The Pokémon experiment also reveals another intriguing phenomenon: models trained on human data tend to exhibit behaviors similar to humans.
Google’s technical report on Gemini 2.5 Pro notes that when the system simulates a “panic state,” such as Pokémon about to faint, the reasoning quality drops significantly.
When Gemini 3 Pro finally completes Pokémon Blue, it leaves a non-mission-critical note: “To end poetically, I want to return to my original home, have a final conversation with my mother, and retire the character.”
Joel Zhang finds this behavior surprising and somewhat human-like in emotional projection.
The “Digital Long March” that AI finds hard to cross—far more than Pokémon
Pokémon is not an isolated case. In the pursuit of Artificial General Intelligence (AGI), developers have found that even if AI can excel in legal exams, it still faces insurmountable “Waterloo” in several complex games.
NetHack: The Abyss of Rules
This 1980s dungeon crawler is a nightmare for AI research. Its high randomness and “permanent death” mechanism make it extremely challenging. Facebook AI Research found that even if models can write code, their performance in NetHack, which requires common sense logic and long-term planning, is far below that of novice humans.
Minecraft: The Disappearing Sense of Goal
Although AI can craft wooden pickaxes and even mine diamonds, “defeating the Ender Dragon” remains a fantasy. In open worlds, AI often forgets its original purpose during hours-long resource gathering or gets completely lost in complex navigation.
StarCraft II: The Gap Between Generality and Specialization
While customized models have beaten professional players, if Claude or Gemini directly take visual commands, they collapse instantly. Handling the uncertainty of “fog of war” and balancing micro-management with macro-building remain beyond the reach of general models.

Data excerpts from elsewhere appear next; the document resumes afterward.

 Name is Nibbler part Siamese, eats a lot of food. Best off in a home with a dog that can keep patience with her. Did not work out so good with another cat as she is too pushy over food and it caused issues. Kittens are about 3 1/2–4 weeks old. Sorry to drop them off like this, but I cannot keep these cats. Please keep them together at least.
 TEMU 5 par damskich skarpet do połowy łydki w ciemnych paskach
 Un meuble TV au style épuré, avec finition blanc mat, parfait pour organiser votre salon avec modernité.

Passenger Tycoon: The Imbalance of Micro and Macro
Managing a theme park requires tracking thousands of visitors. Even Claude Code with initial management capabilities can easily become exhausted when dealing with large-scale financial crashes or emergencies. Any reasoning lapse can lead to park bankruptcy.
Elden Ring and Sekiro: The Gap in Physical Feedback
These high-action feedback games are extremely unfriendly to AI. Current visual analysis delays mean that when AI is still “thinking,” the boss’s move has already resulted in the character’s death. Millisecond-level reaction requirements set a natural upper limit on the interaction logic of models.

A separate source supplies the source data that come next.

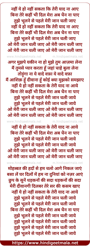 Lyrics of Nahi Ye Ho Nahi Sakta - नहीं ये हो नहीं सकता
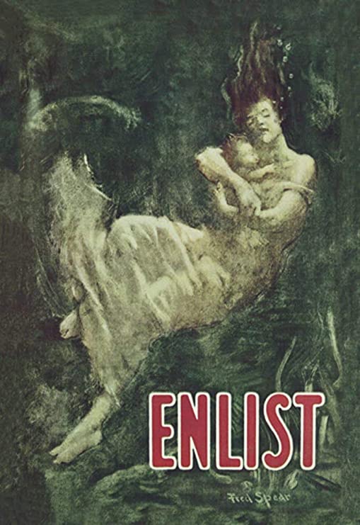 This World War 1 poster, illustrated by Fred Spear, was published in June 1915 by the Boston Committee of Public Safety, after the sinking of the Lusitania by a German U-boat attack. More than a thousand civilians were lost, 128 of them American. Spear’s poster recalls the drowning of a mother and child. Without the particular occasion and the word ‘Enlist,’ the dreamlike image of two figures under the sea would arouse no strong response.
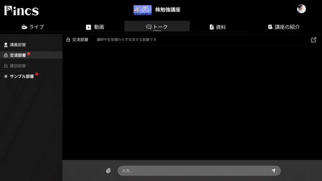 Fincs(フィンクス)は現役投資家から「ライブ」「動画」「チャットトーク」「資料」を通じて実践的で鮮度の高い投資の学習ができる場です。
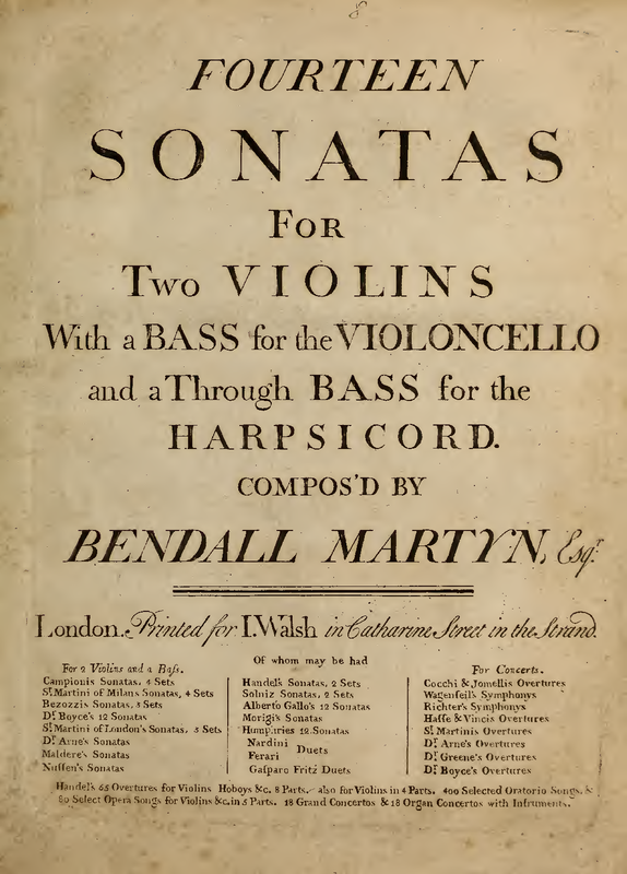 | Alternative. Title | Fourteen Sonatas for Two Violins with a Bass for the Violoncello and a Through Bass for the Harpsicord, compos'd by Bendall Martyn, Esq. |
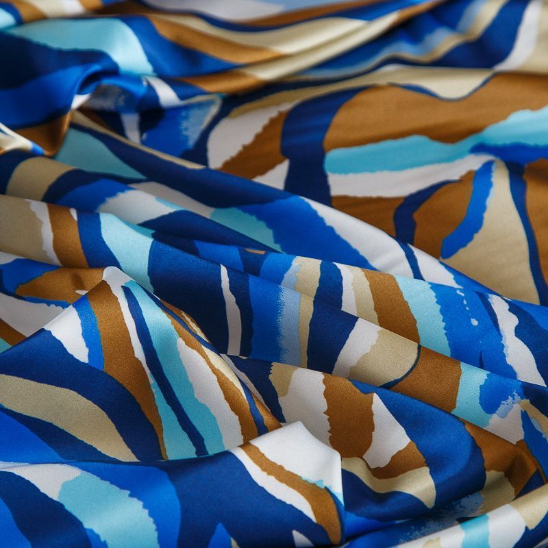 Шелк синтетический стрейч 065-17539 сине-голубой принтованный в Казани
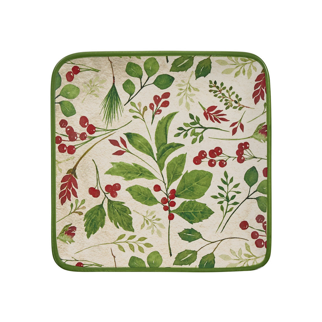 This beautiful art by Andrea Tachiera ushers in the holiday season with festive seasonal greenery printed on this small plate. Ideal for appetizers, cookies, candies and more
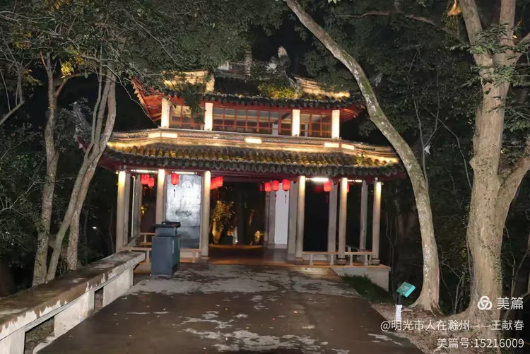 再往前,一块圆形铭牌嵌在岩石之中,灯光打在上面,图案清晰可见。它不声不响地讲述着一段被遗忘的故事。树影婆娑,光影交错,像是时光的指针在这里轻轻停顿,让人忍不住放慢脚步,生怕惊扰了这份古朴的静谧。
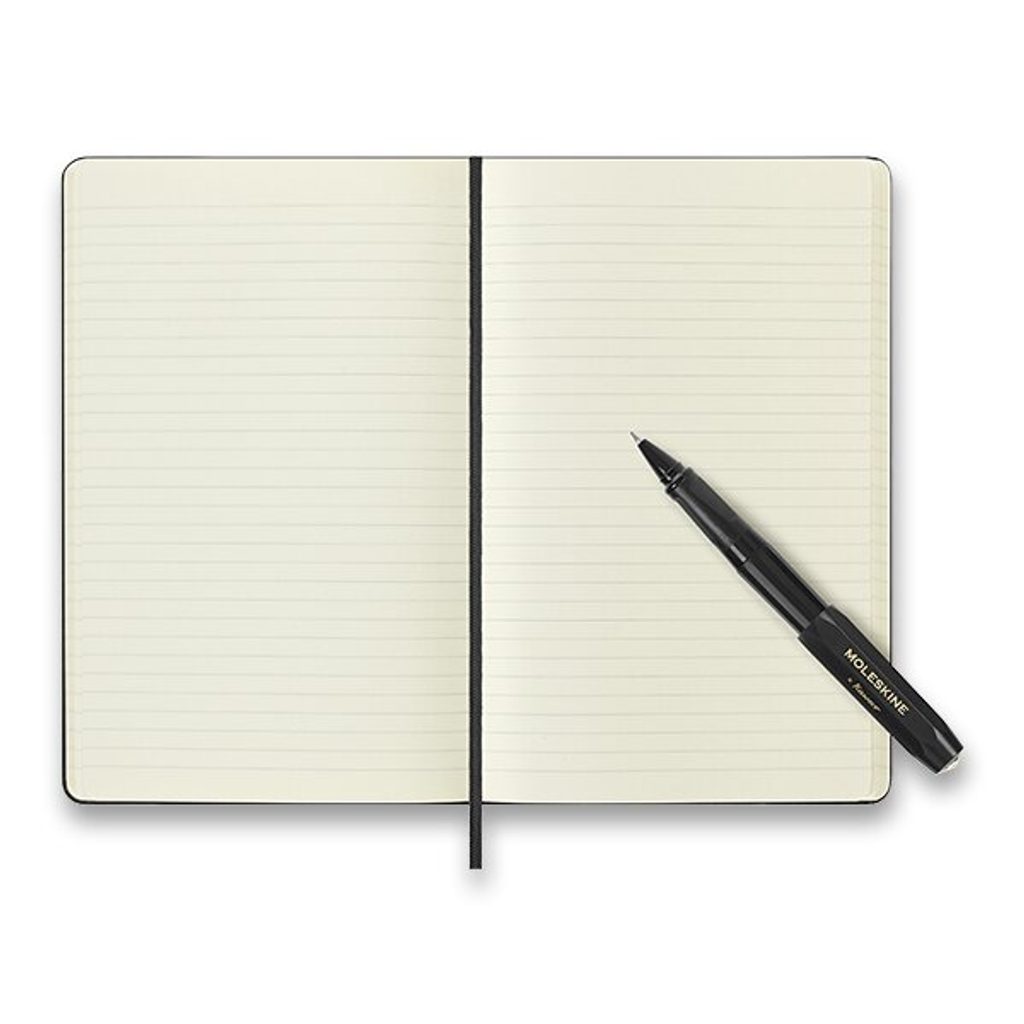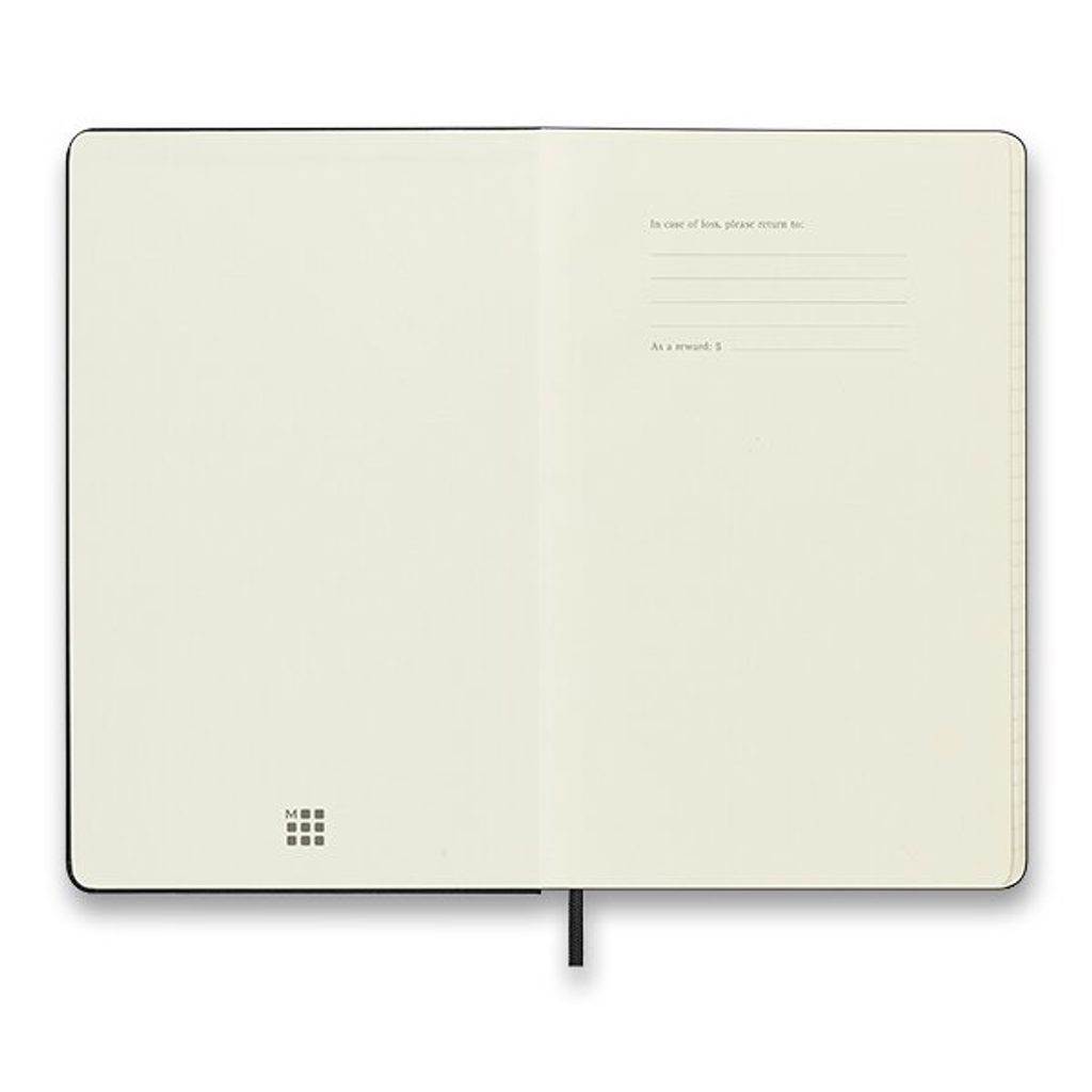 Zápisník má pevnou, ve hřbetu šitou vazbu v kartonových deskách a jsou obepnuté pružnou páskou proti samovolnému otevírání. Nechybí textilní záložka, leták s historií MOLESKINE a praktická kapsa na vizitky a dokumenty. Gramáž papíru je 70 g/m² , přičemž neobsahuje žádné kyseliny.

Why has Pokémon become an AI touchstone?
Today, Pokémon is gradually becoming an informal yet highly convincing benchmark for AI evaluation.

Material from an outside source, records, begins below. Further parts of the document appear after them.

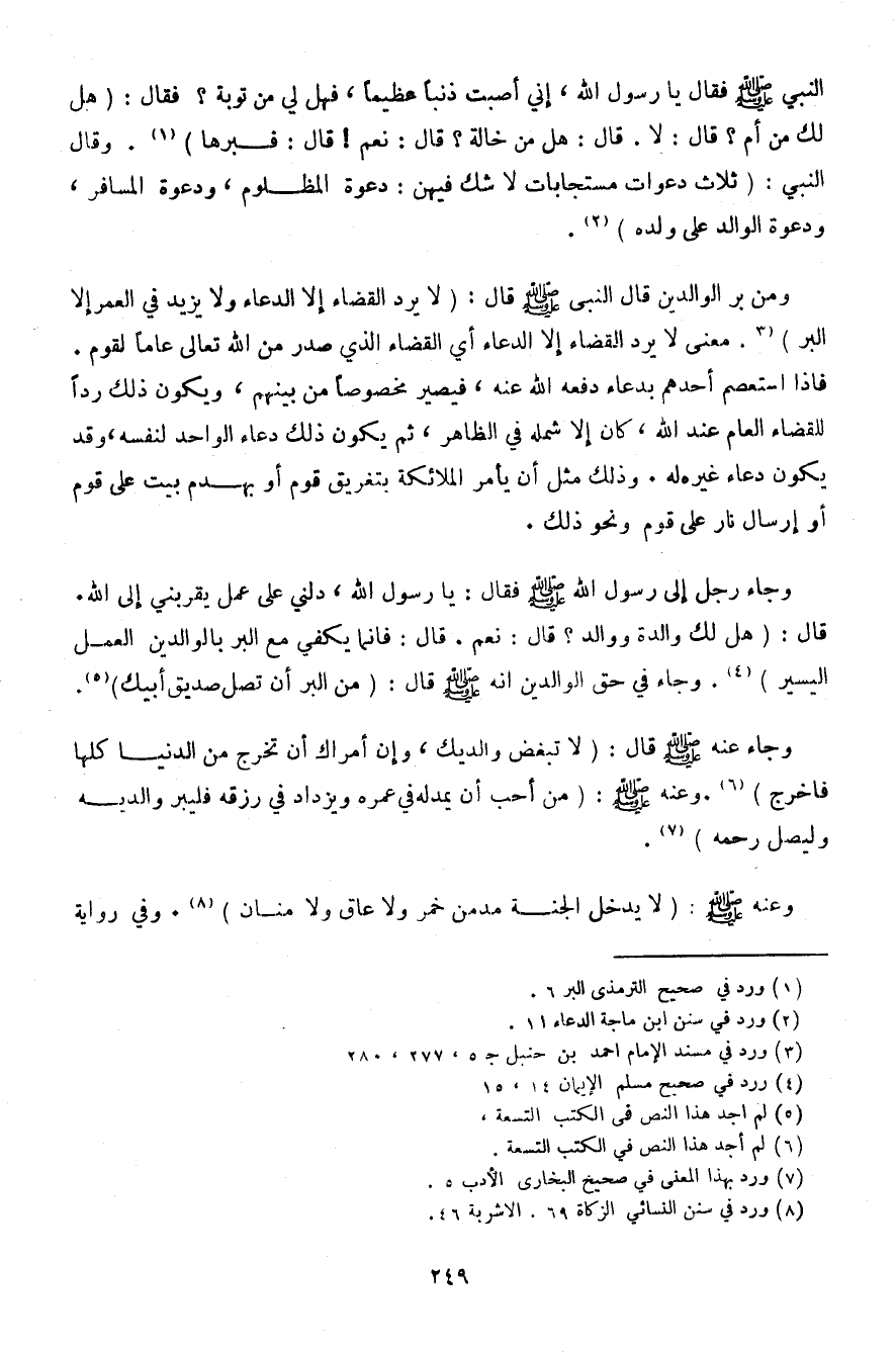 النبي صلى الله عليه وسلم فقال يا رسول الله، إني أصبت ذنبًا عظيمًا، فهل لي من توبة؟ فقال: (هل لك من أم؟ قال: لا. قال: هل من خالة؟ قال: نعم! قال: فبرها). وقال النبي: (ثلاث دعوات مستجابات لا شك فيهن: دعوة المظلوم، ودعوة المسافر، ودعوة الوالد على ولده).
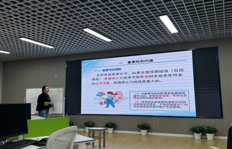 随后,王雪彬老师展示了《审计》课程中审计重要性内容,主要从重要性的内涵、重要性水平的确定以及重要性的运用三方面进行深入讲解。王老师巧妙的将生活中的例子融入课堂,展现了她深厚的教学功底。将难以理解的概念逐步拆解成简单易理解的知识点。使得课堂互动频繁,重难点清晰,课堂逻辑性强。
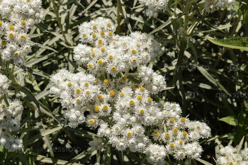 Anaphalis или triplinervis жемчужная вечная, много белых цветов на заднем плане. крупный план
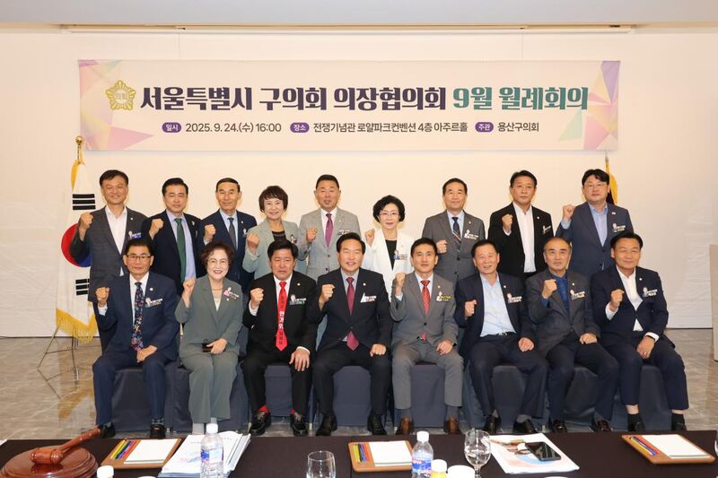 서울특별시 용산구의회(의장 김성철)가 9월 24일 전쟁기념관 로얄파크컨벤션에서 서울특별시 구의회 의장협의회 9월 월례회의를 성황리에 개최했다. 이번 회의는 서울시 자치분권 강화와 지방의회 의정 발전 방안을 논의하기 위해 마련된 자리로, 김성철 용산구의장을 비롯해 조동탁 강동구의장(협의회장)과 서울시 17개 구의회 의장, 용산구의회 의원, 박희영 용산구청장 등이 함께 참석했다.
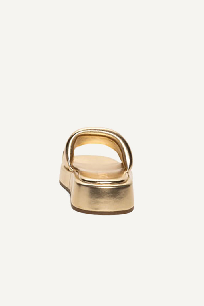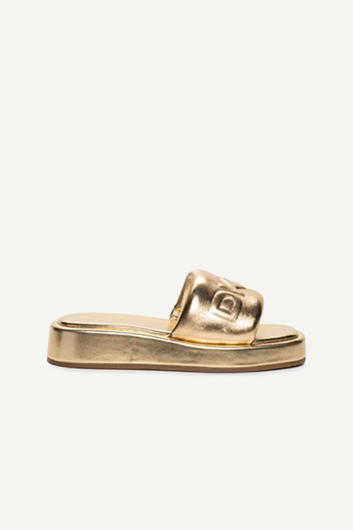 Step into effortless chic with the DKNY LOJA Platform Slide in stunning gold. Boasting a modern silhouette and comfortable design, these shoes add a touch of glamour to any ensemble. Perfect for elevating your casual or evening look.

Models from Anthropic, OpenAI, and Google have attracted hundreds of thousands of comments on Twitch streams. Google detailed Gemini’s game progress in technical reports, and Pichai publicly mentioned this achievement at the I/O developer conference. Anthropic even set up a “Claude Playing Pokémon” demo area at industry conferences.
“We are a group of super tech enthusiasts,” admits David Hershey, head of AI at Anthropic. But he emphasizes that this is not just entertainment.
Unlike traditional one-off Q&A benchmarks, Pokémon can continuously track the model’s reasoning, decision-making, and goal progression over extended periods, more closely resembling the complex tasks humans want AI to perform in the real world.
As of now, challenges for AI in Pokémon continue. But these recurring difficulties clearly outline the boundaries of capabilities that artificial general intelligence has yet to cross.